/A-Small-Image-Processing-Library

An image processing library with basic features written in C++

Primary LanguageC++MIT LicenseMIT

A-Small-Image-Processing-Library

An image processing library with basic features created in C++

The library is completed in a series of steps (subtasks), completed in order.

Subtask 1

Docutmentation
Implement the following functions using 32 bit float as datatype.

  • Convolution of a square input matrix and a square kernel, both matrices of any size and the kernel smaller than the input,
    • with and without padding to maintain or reduce the size of the input matrix.
    • implement the function both as convolution and as matrix multiplication.
  • Non-linear activations of an input matrix of any size with rlu (Rectified Linear Units) and tanh (Hypeborlic) functions on individual matrix elements.
  • Sub-sampling of square input matrices of any size with max pooling and average pooling functions.
  • Converting a vector of random floats to a vector of probabilities with softmax and sigmoid functions.

Subtask 2

Docutmentation
Extend and optimise the previous design by implementing multi-threading.

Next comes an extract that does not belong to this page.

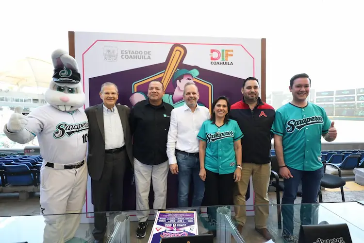 La Presidenta Honoraria del DIF Coahuila, Liliana Salinas Valdés, junto a directivos de los clubes Saraperos de Saltillo y Acereros de Monclova, anunció el Juego con Causa entre ambas novenas, a beneficio de los distintos programas del organismo, que tendrá lugar el lunes 8 de abril en el estadio Francisco I. Madero.
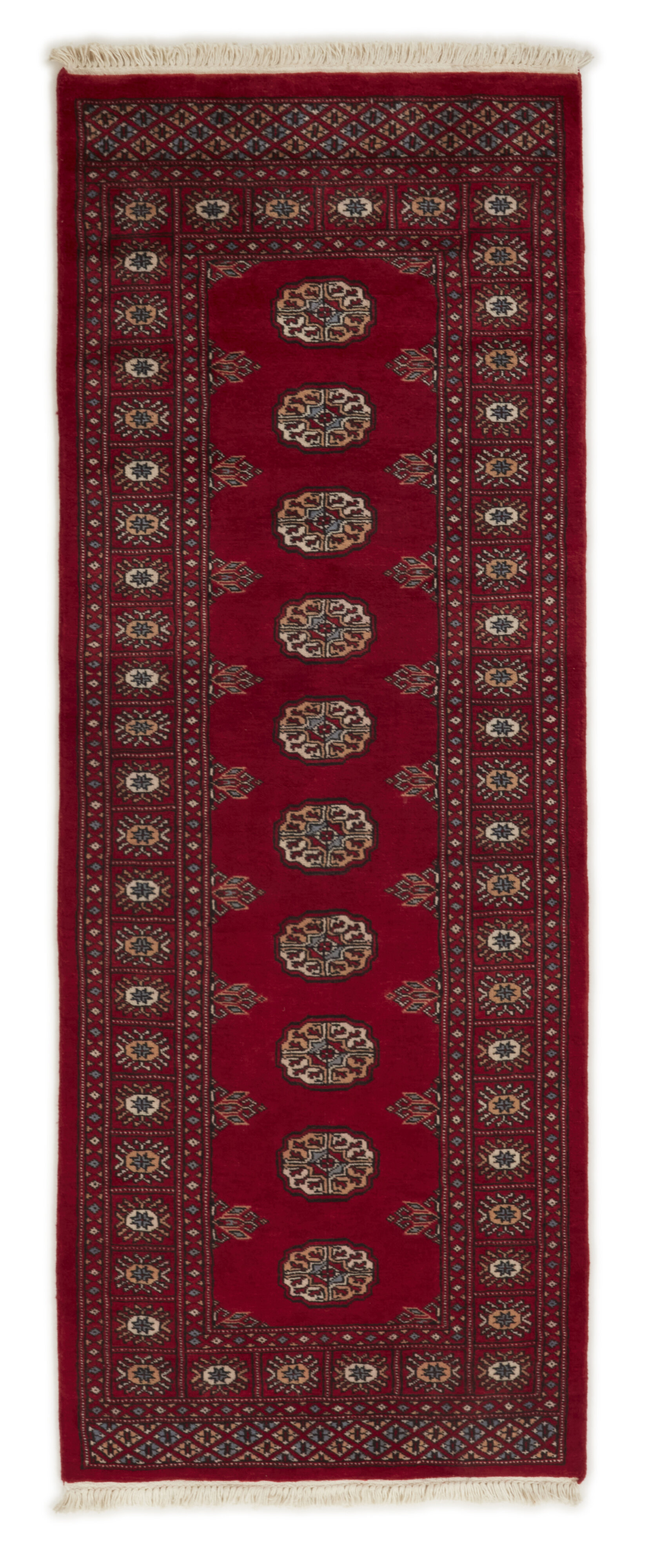The 2-Ply rugs are produced in Lahore, Pakistan’s second largest city, which is also is the centre of the country’s hand knotted rug production. The rugs most often have the Tekke and Bokara patterns, which were originally inspired by patterns from Turkmenistan. The people of the Tekke Tribe, which was the largest nomadic tribe in Turkmenistan, were known as very industrious rug producers. The term Ply indicates the number of threads wound together to produce the yarn itself; 2-Ply thus guarantees that two threads were wound together during the knotting to make the yarn. The quality of wool is particularly soft and shining, and the warm-coloured patterns are simple and harmonious.

  • Use POSIX Threads to implement various functionalities including matrix-multiplications to parrallely execute associative/independent operations.

  • Use other open source libraries such as mkl and openblas, to achieve the same extension to your desing.

  • Compare performance and plot the result. Use gnuplot for plotting.

  • Results : We were very well able to compete with open-blas but mkl had an advantage as it made use of architecture much better than us.

Subtask 3

Docutmentation
Use the present design to implement LeNet architecture for digit-recognition.

  • Result : We achieved an accuracy of (98.9%) when testing our design on MNIST data set.
  • Dependencies : We have used python cv2 for converting our image to a desirable format.